Zoo was reeds in de dagen der profetie het licht des Geestes opgegaan over het lijden van het uitverkoren volk, opdat het in dien lijdensweg zou zien wegen der verborgenheid Gods, waarlangs en waardoor de wondere goedertierenheid Gods, Zijne eeuwige liefde wordt geopenbaard in een plaatsbekleedend lijden over het uitverkoren volk, dat zijn wezenlijken vertegenwoordiger leert aanschouwen in den komenden Messias. Zoo heeft dus Gods Heilige Geest wederbarend ingewerkt in Israëls uitverkoren volkskern, opdat als de volheid des tijds gekomen zou zijn, Gods gemeente des Nieuwen Verbonds rijp werd voor de aanschouwing van den Messias, den gekomen Middelaar Gods en der menschen, die met Zijn ééne zoenoffer ons Gods genade, gerechtigheid en het eeuwig leven zou verwerven en wedergeven.
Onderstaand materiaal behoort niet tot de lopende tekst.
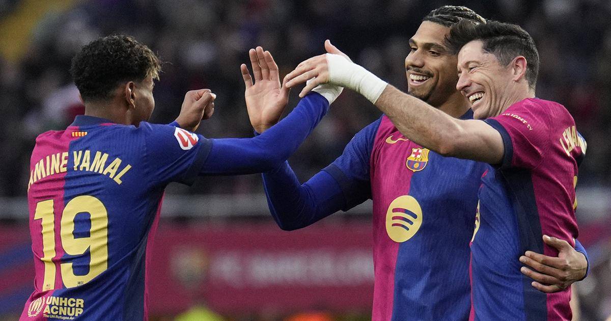 El Barça ya mandaba a placer a la media hora y aún pudo hacer el tercero antes del descanso en otra jugada por la derecha de Lamine Yamal que acabó con un remate de Pedri que el meta visitante desvió a córner.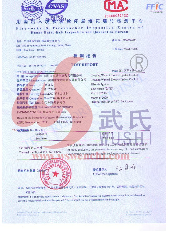 瀏陽(yáng)市文馳電點(diǎn)火具有限公司(原培文電子點(diǎn)火器材廠),創(chuàng)建于1998年,是一家專業(yè)從事研制銷售電子點(diǎn)火產(chǎn)品的民營(yíng)科技企業(yè),是我國(guó)第1枚煙花用電點(diǎn)火頭生產(chǎn)者,是《煙花爆竹電點(diǎn)火頭國(guó)標(biāo)》牽頭起草單位。公司位于中國(guó)“煙花之鄉(xiāng)”湖南省瀏陽(yáng)市,地理位置優(yōu)越,交通便利。 我公司研制的對(duì)象是用電能引燃火藥、做機(jī)械功等預(yù)定功能的一次性使用的元件或裝置,包括電點(diǎn)火頭(英文名ElectricMatch or Electric Igniter,中文俗稱“電火柴”或“電發(fā)火頭”)、電點(diǎn)火管和延期電點(diǎn)火管;我們估且在以后的產(chǎn)品技術(shù)欄中將我們研究的產(chǎn)品統(tǒng)稱為電點(diǎn)火具,將電點(diǎn)火器看成是用于提供和控制供給電點(diǎn)火元件點(diǎn)火的電能器材;我們研究的電點(diǎn)火橋路有橋絲式、無(wú)橋絲···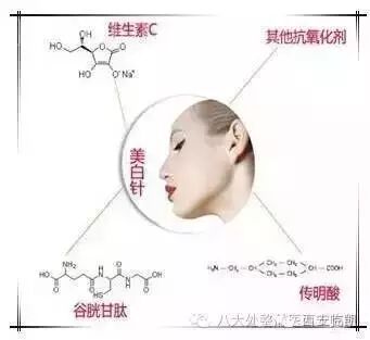 美白针没有固定配方,主要根据求美者的肤质量身定制,用来分解人体肌肤的黑色素、黄色素,补充活化美白因子。市场上的美白针主要成分含谷胱甘肽、氨甲环酸(传明酸)以及维生素C等。谷胱甘肽是很好的抗氧化剂,具有阻止黑色素生成的作用。而传明酸是一种凝血药,被广泛运用于临床止血。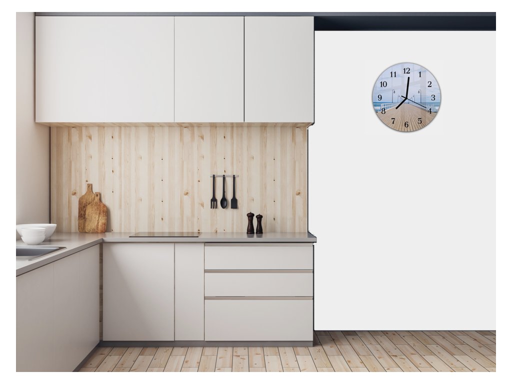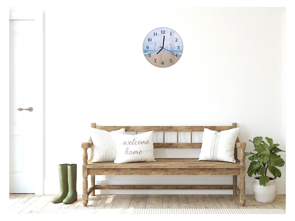 Nástěnné hodiny kulaté pr.30cm dřevěné molo k moři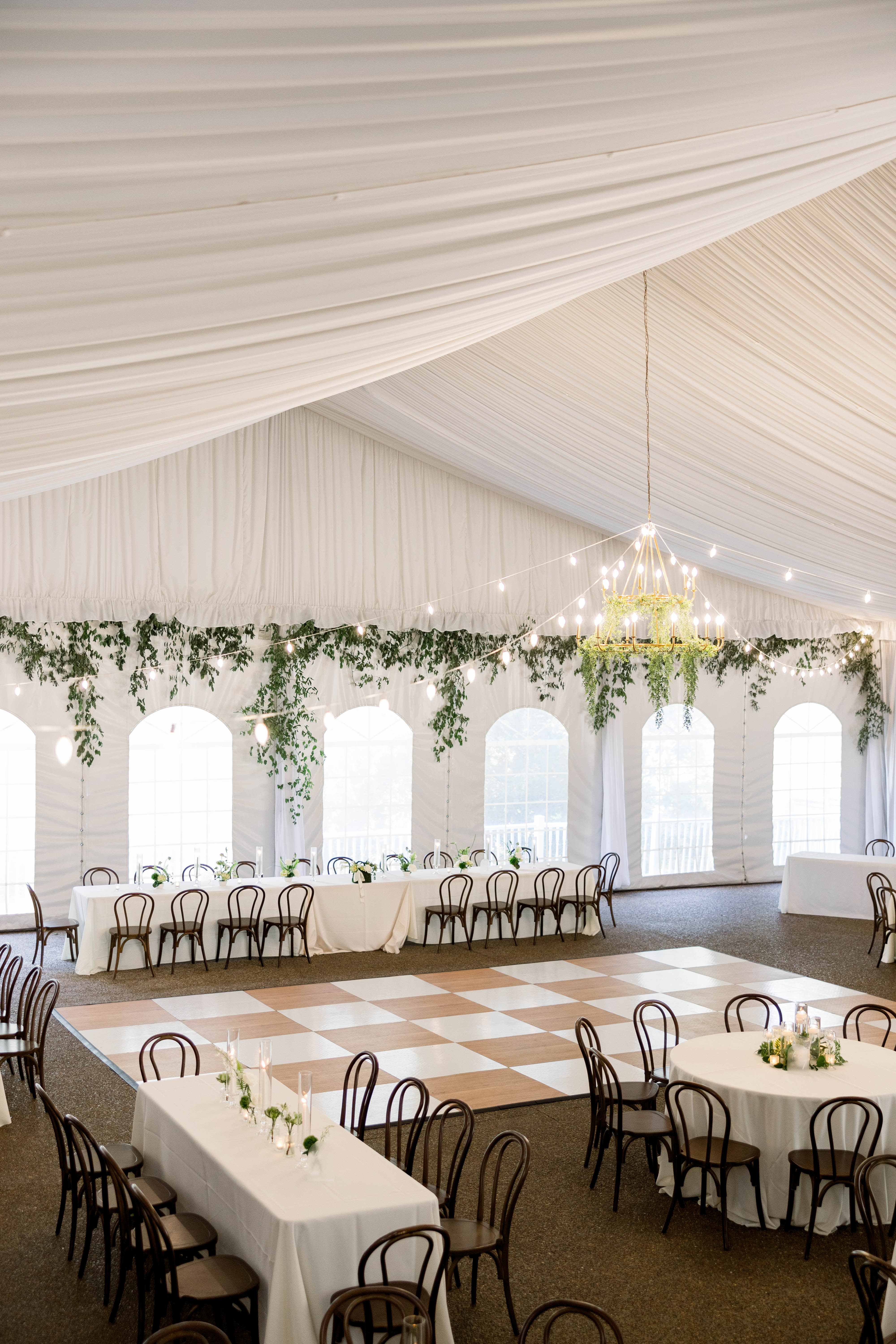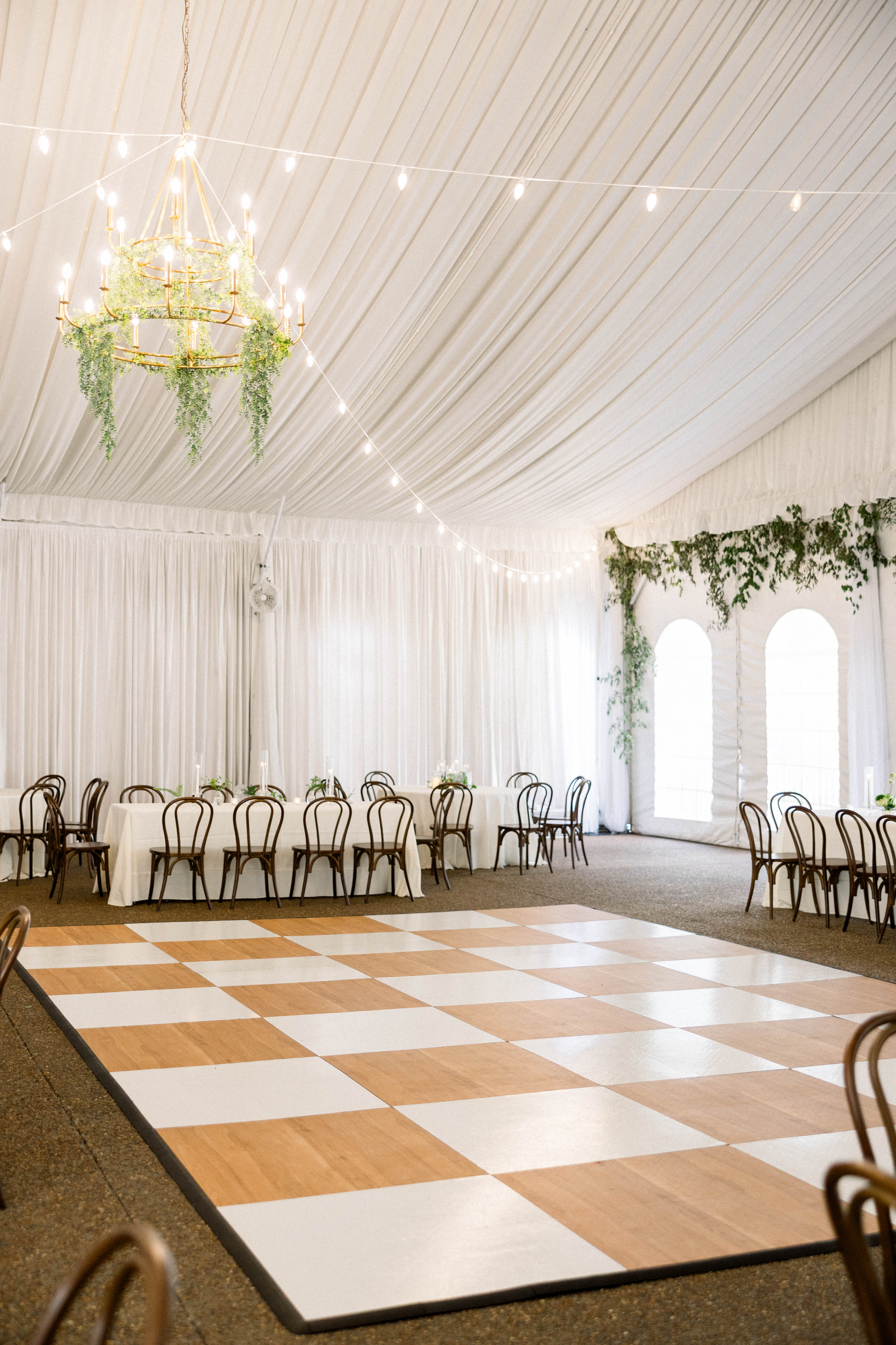 Black-and-white checkered dance floors add a bold, vintage-inspired touch to your event space, perfect for themed parties and retro celebrations.

Het licht in de profetie opgegaan, had de strekking in de toekomende eeuwen het oog der uitverkoren Kerk des Heeren te openen voor Hem, die geen zonde gekend heeft, maar tot zonde gemaakt werd, opdat wij zouden worden rechtvaardigheid Gods in Hem.

Dit artikel werd u aangeboden door: https://www.hertog.nl

Deze tekst is geautomatiseerd gemaakt en kan nog fouten bevatten. Digibron werkt voortdurend aan correctie. Klik voor het origineel door naar de pdf. Voor opmerkingen, vragen, informatie: contact.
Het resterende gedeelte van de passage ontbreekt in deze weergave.